++++ Dataset entries ++++

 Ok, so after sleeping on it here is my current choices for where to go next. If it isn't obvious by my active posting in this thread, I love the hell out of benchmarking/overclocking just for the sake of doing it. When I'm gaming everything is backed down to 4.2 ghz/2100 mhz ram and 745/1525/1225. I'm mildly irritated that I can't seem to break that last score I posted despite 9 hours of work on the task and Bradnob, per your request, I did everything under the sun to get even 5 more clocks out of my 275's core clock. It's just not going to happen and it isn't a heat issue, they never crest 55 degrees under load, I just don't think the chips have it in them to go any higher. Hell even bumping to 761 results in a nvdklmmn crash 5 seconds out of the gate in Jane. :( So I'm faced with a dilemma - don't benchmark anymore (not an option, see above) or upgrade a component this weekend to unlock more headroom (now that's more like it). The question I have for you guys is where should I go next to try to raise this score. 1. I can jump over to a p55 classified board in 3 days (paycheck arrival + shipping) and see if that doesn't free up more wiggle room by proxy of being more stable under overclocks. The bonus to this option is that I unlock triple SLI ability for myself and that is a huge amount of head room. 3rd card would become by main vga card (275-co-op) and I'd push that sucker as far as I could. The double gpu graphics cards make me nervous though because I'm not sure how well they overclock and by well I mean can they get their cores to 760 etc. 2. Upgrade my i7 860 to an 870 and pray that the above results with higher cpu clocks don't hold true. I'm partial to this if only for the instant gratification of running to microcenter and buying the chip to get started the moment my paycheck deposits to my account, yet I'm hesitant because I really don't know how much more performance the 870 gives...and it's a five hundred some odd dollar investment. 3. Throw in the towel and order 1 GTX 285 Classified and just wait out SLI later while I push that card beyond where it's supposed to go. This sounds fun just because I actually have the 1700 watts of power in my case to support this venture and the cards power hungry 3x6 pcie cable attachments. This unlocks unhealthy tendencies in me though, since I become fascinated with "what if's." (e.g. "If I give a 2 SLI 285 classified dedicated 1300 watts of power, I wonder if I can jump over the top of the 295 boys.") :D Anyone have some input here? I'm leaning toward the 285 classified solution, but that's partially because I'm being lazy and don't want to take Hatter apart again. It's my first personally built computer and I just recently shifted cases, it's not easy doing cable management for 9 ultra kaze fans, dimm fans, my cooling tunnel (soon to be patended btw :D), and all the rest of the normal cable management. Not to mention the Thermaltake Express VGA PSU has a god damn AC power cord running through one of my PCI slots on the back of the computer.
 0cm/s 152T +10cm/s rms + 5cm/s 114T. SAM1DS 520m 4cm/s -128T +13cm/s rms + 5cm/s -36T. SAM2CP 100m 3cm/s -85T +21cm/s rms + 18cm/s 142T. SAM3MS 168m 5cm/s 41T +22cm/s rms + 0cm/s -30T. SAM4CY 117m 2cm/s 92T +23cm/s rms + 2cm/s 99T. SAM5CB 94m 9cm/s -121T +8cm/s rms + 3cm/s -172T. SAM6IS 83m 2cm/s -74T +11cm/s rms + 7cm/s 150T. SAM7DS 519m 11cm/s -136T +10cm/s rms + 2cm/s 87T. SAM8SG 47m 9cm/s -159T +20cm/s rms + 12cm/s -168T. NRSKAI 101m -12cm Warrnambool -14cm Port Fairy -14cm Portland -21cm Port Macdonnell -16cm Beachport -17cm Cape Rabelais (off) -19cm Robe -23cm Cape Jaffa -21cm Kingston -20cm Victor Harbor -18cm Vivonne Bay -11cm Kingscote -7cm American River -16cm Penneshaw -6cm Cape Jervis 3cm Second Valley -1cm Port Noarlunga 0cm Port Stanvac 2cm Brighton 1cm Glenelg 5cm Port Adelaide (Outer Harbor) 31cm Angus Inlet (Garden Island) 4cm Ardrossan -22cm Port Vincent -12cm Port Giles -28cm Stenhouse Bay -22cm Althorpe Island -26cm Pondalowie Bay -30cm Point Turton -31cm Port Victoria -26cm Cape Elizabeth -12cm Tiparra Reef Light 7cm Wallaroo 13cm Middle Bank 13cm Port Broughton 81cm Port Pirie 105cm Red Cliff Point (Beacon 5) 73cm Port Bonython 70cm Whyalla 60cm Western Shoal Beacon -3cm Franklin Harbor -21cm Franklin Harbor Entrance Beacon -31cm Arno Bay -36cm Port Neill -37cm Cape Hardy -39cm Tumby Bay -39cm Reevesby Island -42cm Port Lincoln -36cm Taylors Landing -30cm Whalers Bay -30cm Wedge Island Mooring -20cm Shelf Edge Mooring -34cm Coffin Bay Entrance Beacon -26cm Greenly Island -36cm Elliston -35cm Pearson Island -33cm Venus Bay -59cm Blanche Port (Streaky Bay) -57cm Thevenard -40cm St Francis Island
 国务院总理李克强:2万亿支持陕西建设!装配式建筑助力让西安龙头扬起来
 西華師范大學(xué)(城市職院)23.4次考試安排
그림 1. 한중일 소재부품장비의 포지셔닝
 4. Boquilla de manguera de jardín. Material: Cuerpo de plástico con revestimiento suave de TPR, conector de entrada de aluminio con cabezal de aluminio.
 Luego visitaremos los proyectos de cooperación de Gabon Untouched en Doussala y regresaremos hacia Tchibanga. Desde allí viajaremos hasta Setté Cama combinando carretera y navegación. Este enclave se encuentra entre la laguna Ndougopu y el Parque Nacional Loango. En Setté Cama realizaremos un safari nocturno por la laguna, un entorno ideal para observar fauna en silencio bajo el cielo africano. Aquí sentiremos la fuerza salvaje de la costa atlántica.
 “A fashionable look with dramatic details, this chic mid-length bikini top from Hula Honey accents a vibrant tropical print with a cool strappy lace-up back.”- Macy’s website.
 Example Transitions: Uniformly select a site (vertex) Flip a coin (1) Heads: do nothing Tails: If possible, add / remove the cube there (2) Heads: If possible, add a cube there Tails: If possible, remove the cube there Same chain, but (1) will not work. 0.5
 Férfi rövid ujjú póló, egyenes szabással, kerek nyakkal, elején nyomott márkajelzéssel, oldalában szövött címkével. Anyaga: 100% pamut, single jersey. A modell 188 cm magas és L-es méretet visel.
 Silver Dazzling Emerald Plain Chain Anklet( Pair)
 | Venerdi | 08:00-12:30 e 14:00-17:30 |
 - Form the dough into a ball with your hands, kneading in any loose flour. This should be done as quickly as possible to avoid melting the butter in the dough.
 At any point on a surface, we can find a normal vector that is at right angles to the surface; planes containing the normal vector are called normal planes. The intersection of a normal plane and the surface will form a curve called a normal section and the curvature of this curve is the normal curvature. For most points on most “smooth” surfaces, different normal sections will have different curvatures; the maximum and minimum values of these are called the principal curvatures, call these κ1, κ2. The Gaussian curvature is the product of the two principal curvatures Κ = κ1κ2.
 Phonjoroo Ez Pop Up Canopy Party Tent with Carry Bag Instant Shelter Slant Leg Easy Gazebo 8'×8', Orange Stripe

++++

Transcribe each of the records above exactly.

= Result of this task =
 Ok, so after sleeping on it here is my current choices for where to go next. If it isn't obvious by my active posting in this thread, I love the hell out of benchmarking/overclocking just for the sake of doing it. When I'm gaming everything is backed down to 4.2 ghz/2100 mhz ram and 745/1525/1225. I'm mildly irritated that I can't seem to break that last score I posted despite 9 hours of work on the task and Bradnob, per your request, I did everything under the sun to get even 5 more clocks out of my 275's core clock. It's just not going to happen and it isn't a heat issue, they never crest 55 degrees under load, I just don't think the chips have it in them to go any higher. Hell even bumping to 761 results in a nvdklmmn crash 5 seconds out of the gate in Jane. :( So I'm faced with a dilemma - don't benchmark anymore (not an option, see above) or upgrade a component this weekend to unlock more headroom (now that's more like it). The question I have for you guys is where should I go next to try to raise this score. 1. I can jump over to a p55 classified board in 3 days (paycheck arrival + shipping) and see if that doesn't free up more wiggle room by proxy of being more stable under overclocks. The bonus to this option is that I unlock triple SLI ability for myself and that is a huge amount of head room. 3rd card would become by main vga card (275-co-op) and I'd push that sucker as far as I could. The double gpu graphics cards make me nervous though because I'm not sure how well they overclock and by well I mean can they get their cores to 760 etc. 2. Upgrade my i7 860 to an 870 and pray that the above results with higher cpu clocks don't hold true. I'm partial to this if only for the instant gratification of running to microcenter and buying the chip to get started the moment my paycheck deposits to my account, yet I'm hesitant because I really don't know how much more performance the 870 gives...and it's a five hundred some odd dollar investment. 3. Throw in the towel and order 1 GTX 285 Classified and just wait out SLI later while I push that card beyond where it's supposed to go. This sounds fun just because I actually have the 1700 watts of power in my case to support this venture and the cards power hungry 3x6 pcie cable attachments. This unlocks unhealthy tendencies in me though, since I become fascinated with "what if's." (e.g. "If I give a 2 SLI 285 classified dedicated 1300 watts of power, I wonder if I can jump over the top of the 295 boys.") :D Anyone have some input here? I'm leaning toward the 285 classified solution, but that's partially because I'm being lazy and don't want to take Hatter apart again. It's my first personally built computer and I just recently shifted cases, it's not easy doing cable management for 9 ultra kaze fans, dimm fans, my cooling tunnel (soon to be patended btw :D), and all the rest of the normal cable management. Not to mention the Thermaltake Express VGA PSU has a god damn AC power cord running through one of my PCI slots on the back of the computer.
 0cm/s 152T +10cm/s rms + 5cm/s 114T. SAM1DS 520m 4cm/s -128T +13cm/s rms + 5cm/s -36T. SAM2CP 100m 3cm/s -85T +21cm/s rms + 18cm/s 142T. SAM3MS 168m 5cm/s 41T +22cm/s rms + 0cm/s -30T. SAM4CY 117m 2cm/s 92T +23cm/s rms + 2cm/s 99T. SAM5CB 94m 9cm/s -121T +8cm/s rms + 3cm/s -172T. SAM6IS 83m 2cm/s -74T +11cm/s rms + 7cm/s 150T. SAM7DS 519m 11cm/s -136T +10cm/s rms + 2cm/s 87T. SAM8SG 47m 9cm/s -159T +20cm/s rms + 12cm/s -168T. NRSKAI 101m -12cm Warrnambool -14cm Port Fairy -14cm Portland -21cm Port Macdonnell -16cm Beachport -17cm Cape Rabelais (off) -19cm Robe -23cm Cape Jaffa -21cm Kingston -20cm Victor Harbor -18cm Vivonne Bay -11cm Kingscote -7cm American River -16cm Penneshaw -6cm Cape Jervis 3cm Second Valley -1cm Port Noarlunga 0cm Port Stanvac 2cm Brighton 1cm Glenelg 5cm Port Adelaide (Outer Harbor) 31cm Angus Inlet (Garden Island) 4cm Ardrossan -22cm Port Vincent -12cm Port Giles -28cm Stenhouse Bay -22cm Althorpe Island -26cm Pondalowie Bay -30cm Point Turton -31cm Port Victoria -26cm Cape Elizabeth -12cm Tiparra Reef Light 7cm Wallaroo 13cm Middle Bank 13cm Port Broughton 81cm Port Pirie 105cm Red Cliff Point (Beacon 5) 73cm Port Bonython 70cm Whyalla 60cm Western Shoal Beacon -3cm Franklin Harbor -21cm Franklin Harbor Entrance Beacon -31cm Arno Bay -36cm Port Neill -37cm Cape Hardy -39cm Tumby Bay -39cm Reevesby Island -42cm Port Lincoln -36cm Taylors Landing -30cm Whalers Bay -30cm Wedge Island Mooring -20cm Shelf Edge Mooring -34cm Coffin Bay Entrance Beacon -26cm Greenly Island -36cm Elliston -35cm Pearson Island -33cm Venus Bay -59cm Blanche Port (Streaky Bay) -57cm Thevenard -40cm St Francis Island
 国务院总理李克强:2万亿支持陕西建设!装配式建筑助力让西安龙头扬起来
 西華師范大學(xué)(城市職院)23.4次考試安排
그림 1. 한중일 소재부품장비의 포지셔닝
 4. Boquilla de manguera de jardín. Material: Cuerpo de plástico con revestimiento suave de TPR, conector de entrada de aluminio con cabezal de aluminio.
 Luego visitaremos los proyectos de cooperación de Gabon Untouched en Doussala y regresaremos hacia Tchibanga. Desde allí viajaremos hasta Setté Cama combinando carretera y navegación. Este enclave se encuentra entre la laguna Ndougopu y el Parque Nacional Loango. En Setté Cama realizaremos un safari nocturno por la laguna, un entorno ideal para observar fauna en silencio bajo el cielo africano. Aquí sentiremos la fuerza salvaje de la costa atlántica.
 “A fashionable look with dramatic details, this chic mid-length bikini top from Hula Honey accents a vibrant tropical print with a cool strappy lace-up back.”- Macy’s website.
 Example Transitions: Uniformly select a site (vertex) Flip a coin (1) Heads: do nothing Tails: If possible, add / remove the cube there (2) Heads: If possible, add a cube there Tails: If possible, remove the cube there Same chain, but (1) will not work. 0.5
 Férfi rövid ujjú póló, egyenes szabással, kerek nyakkal, elején nyomott márkajelzéssel, oldalában szövött címkével. Anyaga: 100% pamut, single jersey. A modell 188 cm magas és L-es méretet visel.
 Silver Dazzling Emerald Plain Chain Anklet( Pair)
 | Venerdi | 08:00-12:30 e 14:00-17:30 |
 - Form the dough into a ball with your hands, kneading in any loose flour. This should be done as quickly as possible to avoid melting the butter in the dough.
 At any point on a surface, we can find a normal vector that is at right angles to the surface; planes containing the normal vector are called normal planes. The intersection of a normal plane and the surface will form a curve called a normal section and the curvature of this curve is the normal curvature. For most points on most “smooth” surfaces, different normal sections will have different curvatures; the maximum and minimum values of these are called the principal curvatures, call these κ1, κ2. The Gaussian curvature is the product of the two principal curvatures Κ = κ1κ2.
 Phonjoroo Ez Pop Up Canopy Party Tent with Carry Bag Instant Shelter Slant Leg Easy Gazebo 8'×8', Orange Stripe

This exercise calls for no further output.